EXERCISE GOAL: Set every line of the data down again exactly, and keep the pictures out.

INFORMATION SHOWN:
━━━━━━━━━━

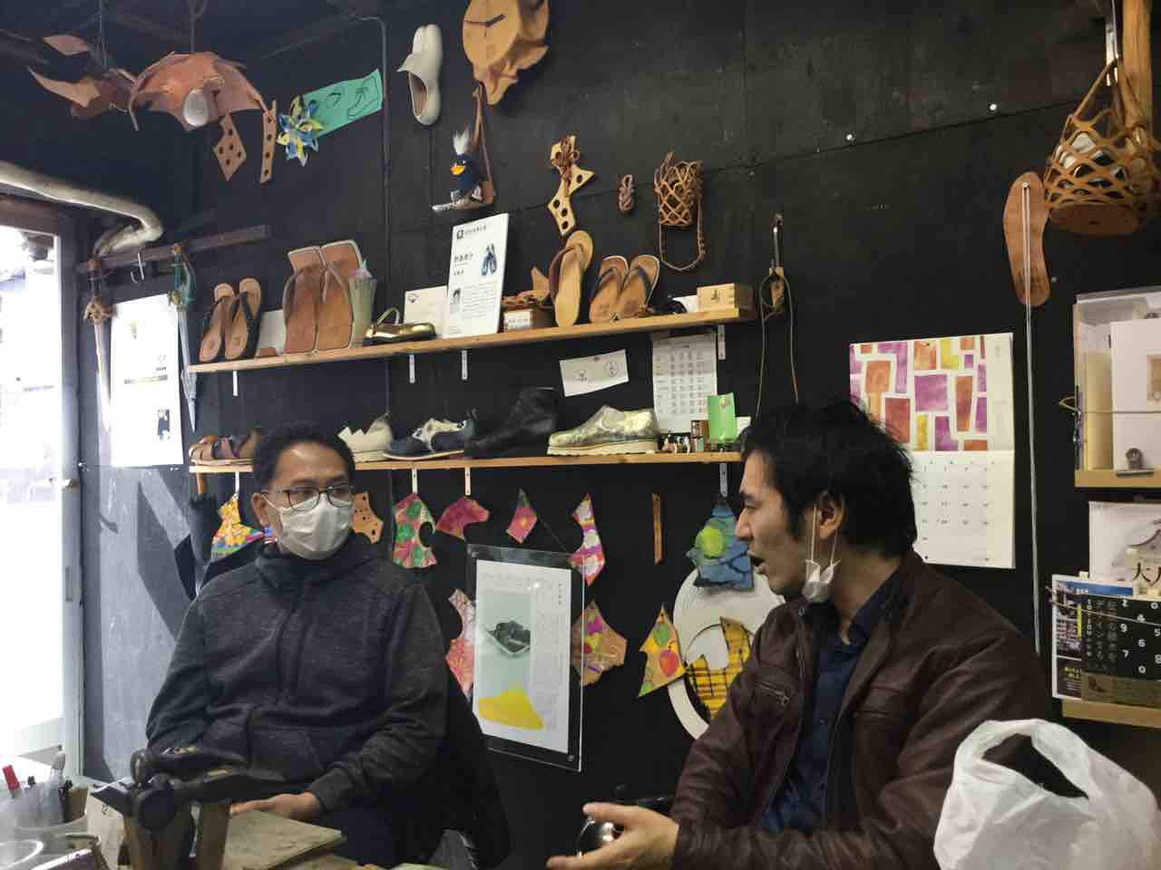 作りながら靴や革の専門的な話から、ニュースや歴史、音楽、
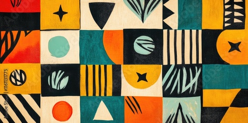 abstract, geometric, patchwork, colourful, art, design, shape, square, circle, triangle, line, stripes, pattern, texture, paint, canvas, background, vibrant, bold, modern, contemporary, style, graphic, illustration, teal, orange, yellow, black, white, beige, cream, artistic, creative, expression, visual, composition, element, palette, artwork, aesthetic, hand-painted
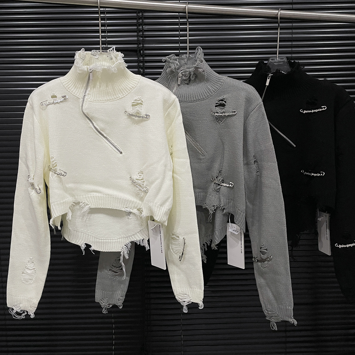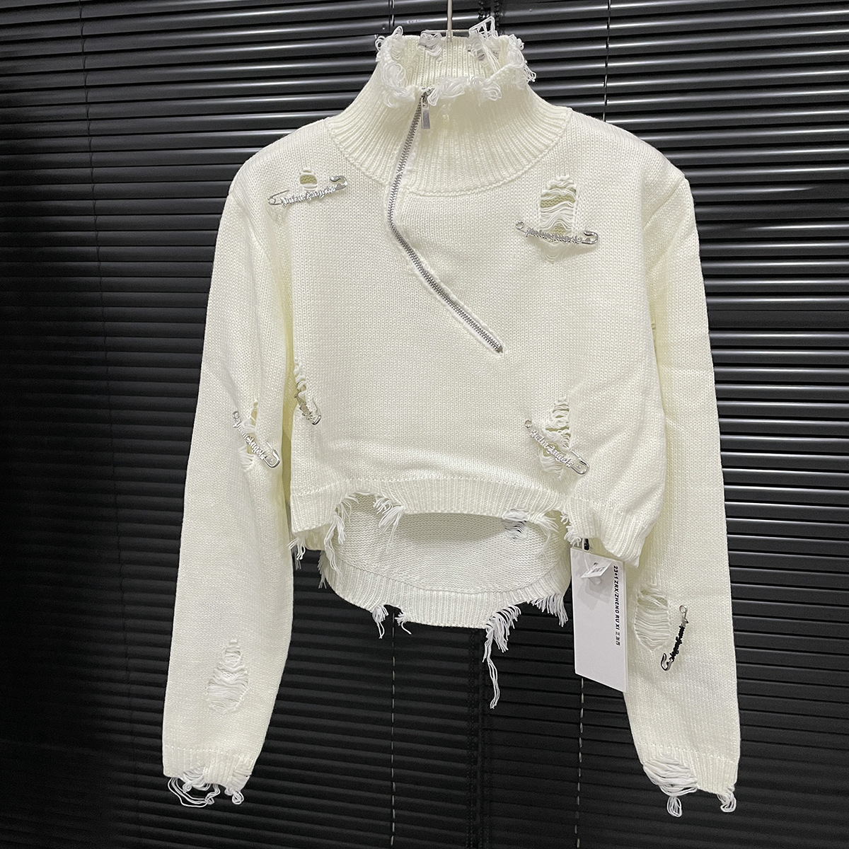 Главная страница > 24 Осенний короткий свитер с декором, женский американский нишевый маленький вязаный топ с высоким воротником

━━━━━━━━━━

PROBLEM SOLUTION:
 作りながら靴や革の専門的な話から、ニュースや歴史、音楽、
 abstract, geometric, patchwork, colourful, art, design, shape, square, circle, triangle, line, stripes, pattern, texture, paint, canvas, background, vibrant, bold, modern, contemporary, style, graphic, illustration, teal, orange, yellow, black, white, beige, cream, artistic, creative, expression, visual, composition, element, palette, artwork, aesthetic, hand-painted
 Главная страница > 24 Осенний короткий свитер с декором, женский американский нишевый маленький вязаный топ с высоким воротником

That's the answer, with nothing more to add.